2) The newer initial ramfs image, initramfs. Here one populates a directory, and then creates a compressed cpio archive which is expanded into ramfs upon boot and becomes the root filesystem. The kernel must be configured with CONFIG_BLK_DEV_INITRD=y but one does not need to set CONFIG_BLK_DEV_RAM_SIZE, nor does one need to set CONFIG_TMPFS=y. When the system is up, "df" does not report the root filesystem and one cannot interact with it by doing things like "mount --bind / dir". Also the distinction between what RAM is set aside for the filesystem and what RAM is used for processes is blurred. "df" reports nothing and "free" reports total usage without distinction, ie. used RAM = RAM used for files (as reported by "du") plus RAM used for processes.
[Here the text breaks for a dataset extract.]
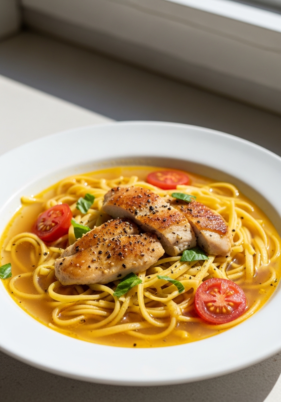 Indulge in this nourishing bowl of Turmeric Chicken Noodle Soup, a flavorful, anti-inflammatory delight brimming with vibrant vegetables, tender chicken, and soft rice noodles.
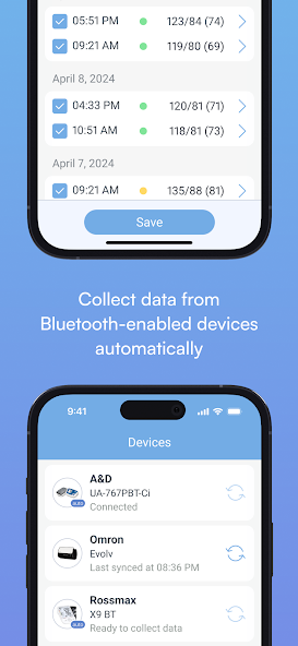 Blood Pressure Diary App by MedM syncs with the following brands of smart blood pressure monitors: A&D Medical, Andesfit, Andon Health, AOJ Medical, Beurer, Bodimetrics, CliniCare, Contec, Dovant Health, Easy@Home, ETA, EZFAST, Famidoc, Finicare, FirstMed, Fleming Medical, ForaCare, Health&Life, HealthGear, Indie Health, iProven, Jumper Medical, Kinetik Wellbeing, LEICKE, Medisana, MicroLife, Multi, Omron, Oxiline, OxiPro Medical, PIC, Rossmax, SilverCrest, TaiDoc, TECH-MED, Transtek, TrueLife, Viatom, Welch Allyn, Yonker, Yuwell, Zewa, and more. For the full list of supported devices, please visit our website: https://www.medm.com/sensors.html

3) Bootstraping into tmpfs. In this case, one uses either an initrd or initramfs image to get into a small ram-only environment that sets up a tmpfs filesystem, unpacks the new root filesystem into it from some image like a squashfs on the boot device, and finally does a switch_root to tmpfs. Two images are needed, the first initramfs and the second image which will be decompressed into tmpfs. Here the kernel must be configured for initrd/initramfs, but in addition needs CONFIG_TMPFS=y. When the system is up, "df" reports root filesystem mounted as tmpfs at the size set by the initrd/initramfs when it was mounted, and "free" reports the total RAM usage without distinction as for an initramfs above. Unlike #2 above, one can interact with the root filesystem, for example, one can set (or reset) a limit on how much RAM is set aside for the root filesystem by doing "mount -o remount,size=512m /" and one can do "mount --bind / dir".
Note: It is possible to configure the kernel to support an initramfs (CONFIG_BLK_DEV_INITRD=y) but not support tmpfs (CONFIG_TMPFS=n).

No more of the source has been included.